-- Provided data follows --

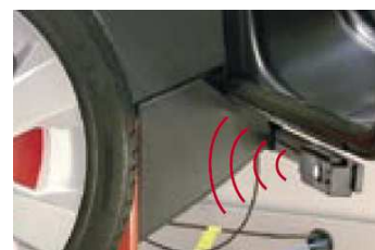
sonar pomiaru nie centryczności
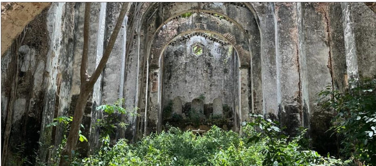
▲ "Desde construcciones de tierra hasta edificaciones con elementos pétreos, acabados y agregados, la arquitectura ha conformado el diseño, la estética, así como las expresiones de poder y agencia de las sociedades; es aquí donde la arqueología cobra relevancia".
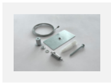
145-50304, N Seile an Profilverbindung 4000mm - 1 Stk. + Metallhalter
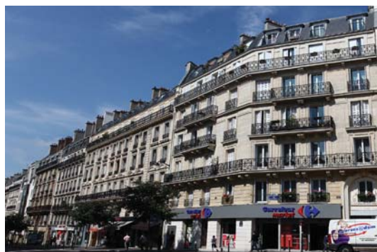
Paris - Rue Maubeuge
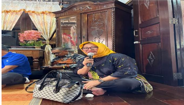
Gambar 3. Salah satu tim pemateri

Huruf Lontara, juga dikenal sebagai aksara Bugis, adalah salah satu warisan budaya tulis yang sangat berharga dari masyarakat Bugis dan Makassar di Sulawesi Selatan. Aksara ini tidak hanya berfungsi sebagai alat komunikasi tertulis, tetapi juga mencerminkan identitas dan sejarah panjang kedua suku tersebut.
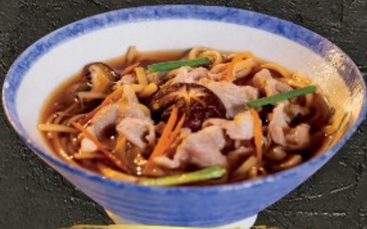
Niku Udon/Soba 150.- อุด้งหมู/เนื้อ
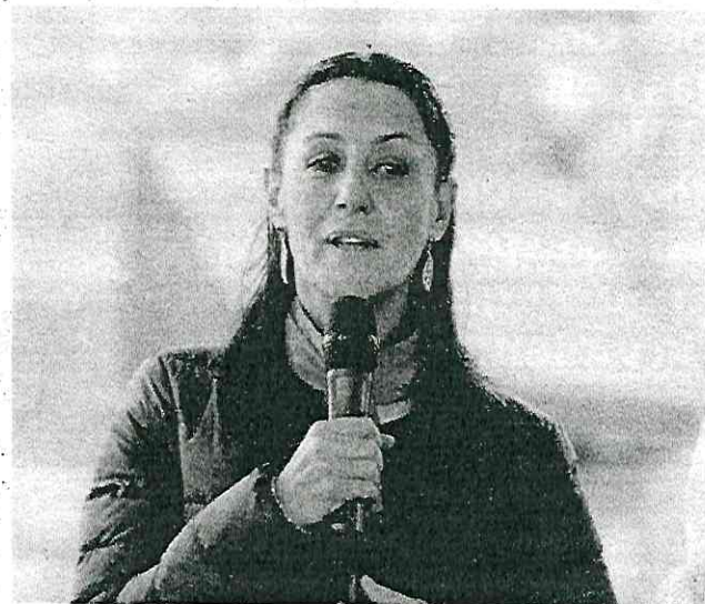
Claudia Sheinbaum prometió agua para todos antes de terminar su sexenio.

Claudia Sheinbaum prometió mejorar la instalaciones de las plantas de bombeo para mejorar el suministro de agua en la capital del país

-- Provided data concluded --

Your task is to transcribe exactly the lines from the one containing "145-50304, N Seile" through the final line of the entries above, pictures excluded.

- **Worked solution**
145-50304, N Seile an Profilverbindung 4000mm - 1 Stk. + Metallhalter
Paris - Rue Maubeuge
Gambar 3. Salah satu tim pemateri

Huruf Lontara, juga dikenal sebagai aksara Bugis, adalah salah satu warisan budaya tulis yang sangat berharga dari masyarakat Bugis dan Makassar di Sulawesi Selatan. Aksara ini tidak hanya berfungsi sebagai alat komunikasi tertulis, tetapi juga mencerminkan identitas dan sejarah panjang kedua suku tersebut.
Niku Udon/Soba 150.- อุด้งหมู/เนื้อ
Claudia Sheinbaum prometió agua para todos antes de terminar su sexenio.

Claudia Sheinbaum prometió mejorar la instalaciones de las plantas de bombeo para mejorar el suministro de agua en la capital del país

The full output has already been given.